2010 – April – NodeXL – Twitter – Cisco FR No Components Lay Out

Ordering smaller components in a graph – a NodeXL feature tip

From this:to this:  in just a few clicks.

Many network graphs contain disconnected smaller graphs, called “components”, within them.

Most layout algorithms do a poor job of managing to group each component in a separate space.

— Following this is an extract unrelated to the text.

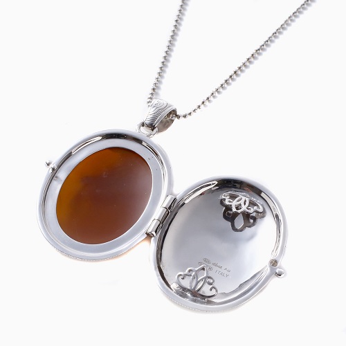 高い技術力と洗練されたデザイン性により、 イタリアのカメオといえばDILUCAといわれるほど、世界中で愛されています。CAMEO ITALIANOブランドは歴史と伝統のカメオに 現実的なアレンジを施され、トーレ・デル・グレコのマエストロ達により創造されている、見事なまでの芸術的なジュエリーをお楽しみください。立体的なキリストが見る人に安らぎと、優しい印象を与えてくれる芸術的なカメオデザインは、大切な人へのプレゼントや、毎日の自分へのご褒美にもおすすめです!写真は最大2枚入れることが可能なので、大切な想い出や、最愛の家族やペットの写真を入れて肌身離さず持ち歩けます。カメオロケットペンダントは、専用のケースに入れてのお届けとなります。※製造上、始めはロケットの開閉が硬くなっていますが、使用していると馴染んでいき、開けやすくなります。最初のうちはロケットの隙間に薄めのカードなどを入れると比較的開けやすいです。

Instead, often, components are laid over one another, suggesting connections that are not real.

A simple solution we have implemented in NodeXL is to offer to sweep up all the smaller components in the graph and order them in neat rows at the bottom of the canvas.  This feature was mentioned in a previous post, but finding the feature may not be obvious:

From the NodeXL network graph canvas toolbar, select the drop down menu next to the selected layout type.

This will display the following menu of layout choices and options:

Select the last option: “Layout Options…”

Which reveals:

Select the option: “Put the graph’s smaller components at the bottom of the graph“.  This dialog also presents other options related to how long the Fruchterman-Reingold layout should calculate and how strong the parameter that governs the force that pushes nodes away from one another should be.  You may find that changing these values improves the FR layout for your data.

Here is a graph that is mapped without the component ordering feature selected.  Many components are scattered around the chart.

This image represents the connections among a population of Twitter users who mentioned the term “Cisco“.  This chart was created using the Fruchterman-Reingold layout.  It is noisy and messy given the nature of the graph it has to render.

The Harel-Koren layout option is better but has a significant flaw: all the isolates are jumbled on top of one another in that smear at the center of the ring in the upper left of the graph.

Here is the same graph created with the Harel-Koren layout with the added  “Put the graph’s smaller components at the bottom of the graph” option selected:

All the many lightly connected Twitter authors are lined up in size order (size is mapped to the number of followers that user has in Twitter).  This removes them from getting in the way of the “giant component”, the big connected group of Twitter users who both tweet the word “cisco” but also follow, mention, or reply to someone else who also mentioned the word “cisco”.  The core of this group is visible along with some peripheral groups or people who both mention the company and talk to other people who do as well.  The isolates mention Cisco but do not do so as part of a larger conversation (as seen at the time of this snapshot).

An additional tip: nodes are plotted on the screen in NodeXL in an order governed by the “Layout Order” column in the Vertices worksheet.  If we use the “Autofill Columns” feature we can easily set the Vertex Layout Order to the same value to which Vertex Size was set.  This has the effect of lining up the nodes by size, making a kind of histogram.  All the singletons or isolates, the nodes with no connections to any other node, line up first, then the dyads, the triads, and the quads.  Each larger sized component sorts from its smallest to its largest by the size of the largest node in the component.